Down and Out in Paris and Kinning Park (pt 2)

down and out

by The Eric Arthur Blair Witch Project

Within certain limits, it is actually true that the less money you have, the less you worry. When you have 45,000,000 Euros in the world you are liable to the most craven panics. When you have only 3 Euros you are quite indifferent; for 3 Euros will feed you until tomorrow and you cannot think further than that. You are bored, but you are not afraid. You think vaguely, ‘I Shall be starving in a day or two – shocking, isn’t it?’ And then the mind wanders to other topics. A bread and margarine diet does, to some extent, provide its own anodyne.

And there is another feeling that is a great consolation in poverty. I believe everyone who has been hard up has experienced it. It is a feeling of relief, almost of pleasure, at knowing yourself at last genuinely down and out. You have talked so often of going to the dogs – and well, here are the dogs, and you have reached them, and you can stand it. It takes off a lot of anxiety.

The days after the L’Aministration were strange days indeed. The Stade du Ibrox had been raised to the ground to make way for a hypermarket. It was almost as if over one hundred and forty years of history had never happened.

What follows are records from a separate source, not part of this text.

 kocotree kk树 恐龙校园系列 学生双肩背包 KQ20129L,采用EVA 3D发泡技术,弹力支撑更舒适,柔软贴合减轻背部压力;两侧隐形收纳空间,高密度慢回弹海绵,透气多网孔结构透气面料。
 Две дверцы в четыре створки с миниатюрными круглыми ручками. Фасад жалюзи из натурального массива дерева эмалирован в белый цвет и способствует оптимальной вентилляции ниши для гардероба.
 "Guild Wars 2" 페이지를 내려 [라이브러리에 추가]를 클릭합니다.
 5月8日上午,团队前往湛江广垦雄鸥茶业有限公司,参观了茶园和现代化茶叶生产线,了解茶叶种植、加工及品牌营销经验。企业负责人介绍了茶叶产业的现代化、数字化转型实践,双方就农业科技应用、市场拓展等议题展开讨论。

The loyal subjects of this slum were still to be found if one were to look hard enough. With the right kind of eyes and ears one could still observe and listen to these curious characters.

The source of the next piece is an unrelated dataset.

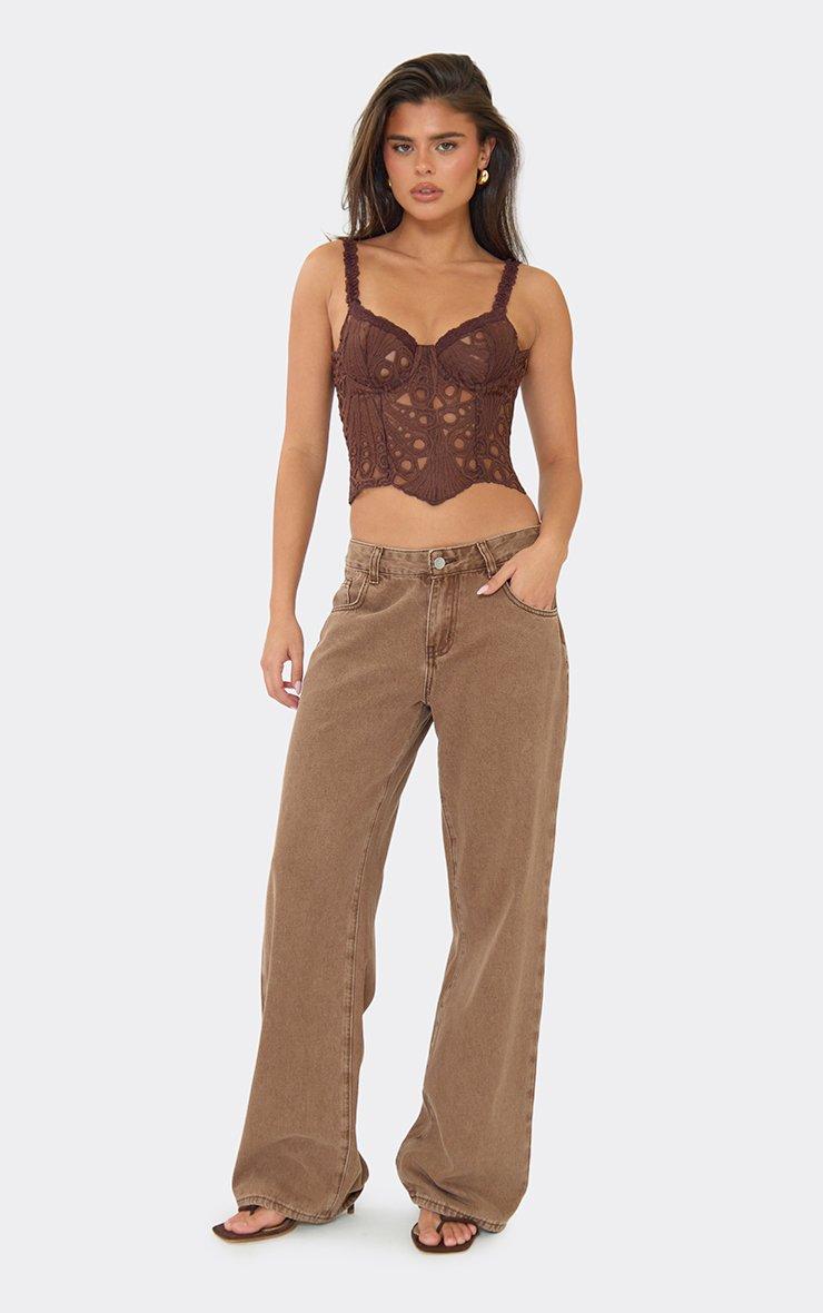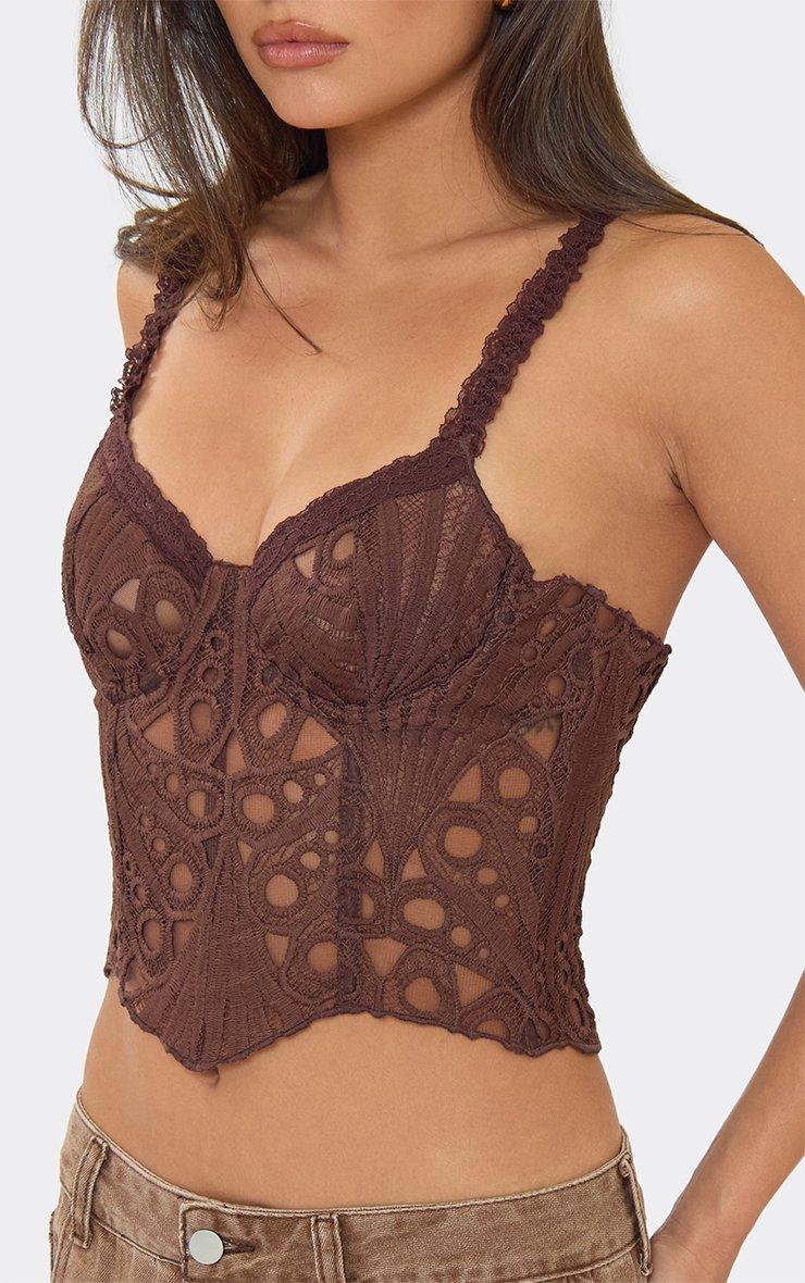 Sweetheart Neckline Corset Lace Up Back Detail Top In Chocolate Brown Lace

Monsieur Blanco still cut a most intriguing figure – ‘We shan’t starve, don’t you fear. This is only the fortune of war – I’ve been in a worse hole scores of times. It’s only a question of persisting. Remember Foch’s maxim: “Attaquez! Attaquez! Attaquez! “

He continued. ‘Appearance is everything, mon ami. Give me a new suit and I will borrow 16,000,000 Euros by dinner-time. What a pity I did not buy a collar when we had money. I turned my collar inside out this morning; but what is the use, one side is as dirty as the other. Do you think I look hungry, mon ami?’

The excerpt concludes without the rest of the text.